On retrouve dans cette collection tout l'ADN de M. Takada : les voyages et les couleurs. Son Japon natal lui inspire des paysages brumeux de montagne en noir et blanc ou des imprimés fleuris à repousser tous les hivers du monde. Les lignes sont simples et confortables et reprennent la mixité culturelle qu'il affectionne: robes chinoises, smokings occidentaux, caftans orientaux, saris indiens et sarongs indonésiens.

Au contraire, Jun Takahashi, l'un des plus brillants représentants de la dernière génération de créateurs japonais venant défiler à Paris, délaisse les matériaux luxueux pour le destroy ou le New Age. Les codes couleurs sont le blanc et ses dérivés ainsi que le noir, plus gothique, surtout quand certaines inscriptions proposent un "live in Père Lachaise cemetery" (concert live au cimetière du père Lachaise).

Ses femmes sont des sortes d'amazones modernes avec leurs guêtres-cuissardes et leurs tee-shirts nouvelle génération allongés pour faire des robes, à manches longues pour ceinturer un manteau. Ce vêtement, emblème de toutes les générations et catégories sociales né dans les rangs de l'armée américaine, se cherche une nouvelle identité.

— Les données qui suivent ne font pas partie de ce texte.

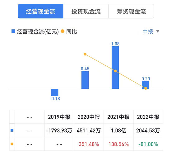 拉长时间线来看,2019年上半年,亿田智能的经营现金流为负值,2020年上半年,其经营现金流从负值跃升至0.45亿元,上升了351.48%,2021年上半年达到最高值,为1.08亿元,然而,2022年中期,亿田智能的经营现金流下降至0.2亿元,还不足2020年中期的一半。
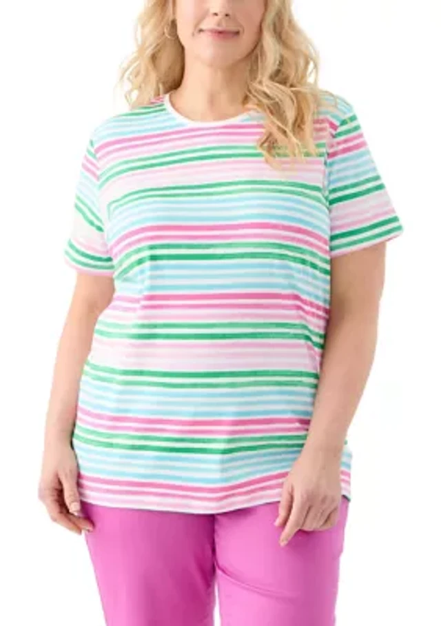 Stripe Perfect Ribbed Elbow Sleeve Tee
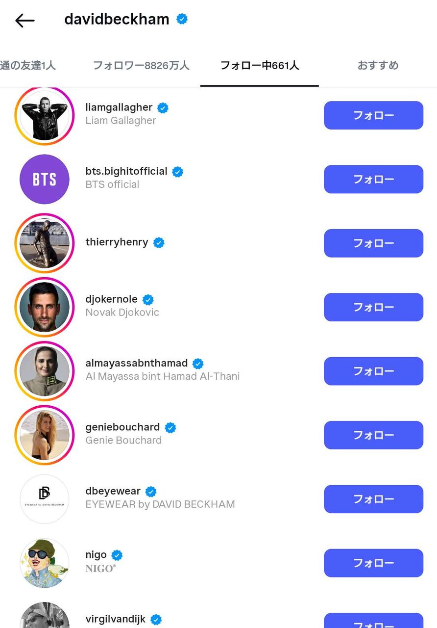 デイビット・ベッカムにフォローされてすごい
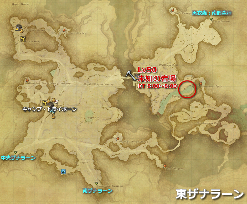 | ザナラーン | 東ザナラーン | 未知の岩場 | line:2 | Lv50 | (MAP) |
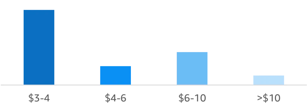 热卖产品的平均单价为7.35美元,市场上集中定价在3.XX美元和6.XX美元两个价格点。卖家A计划布置两条产品线,根据产品特征和参数,继续对价格区间进行细分。
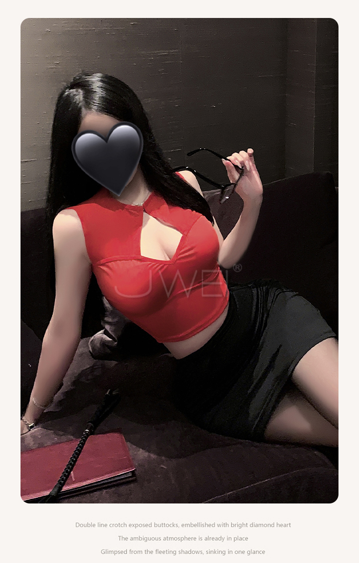 ►您現在的位置:首頁>繆斯秘語.胸前挖空露溝貼身包臀超短裙擺秘書裝【T褲+紅上衣+黑裙】

Charles Anastase est lui aussi un anti-Kenzo Takada avec son vestiaire qui semble sortir des armoires de grand-mère ou d'un magasin de récupération. Le jeune Français propose un voyage dans la grande dépression américaine de 1929. Mais il y a de l'idée dans ses modèles pour petites filles projetées dans un monde sans pitié comme cette salopette sur une chemisier blanc à manches gigot, des spencers étriqués d'homme comme retravaillés pour une seconde vie. La robe longue blanche à taille Empire imprimée ça et là de têtes de mort discrètes est moins convaincante.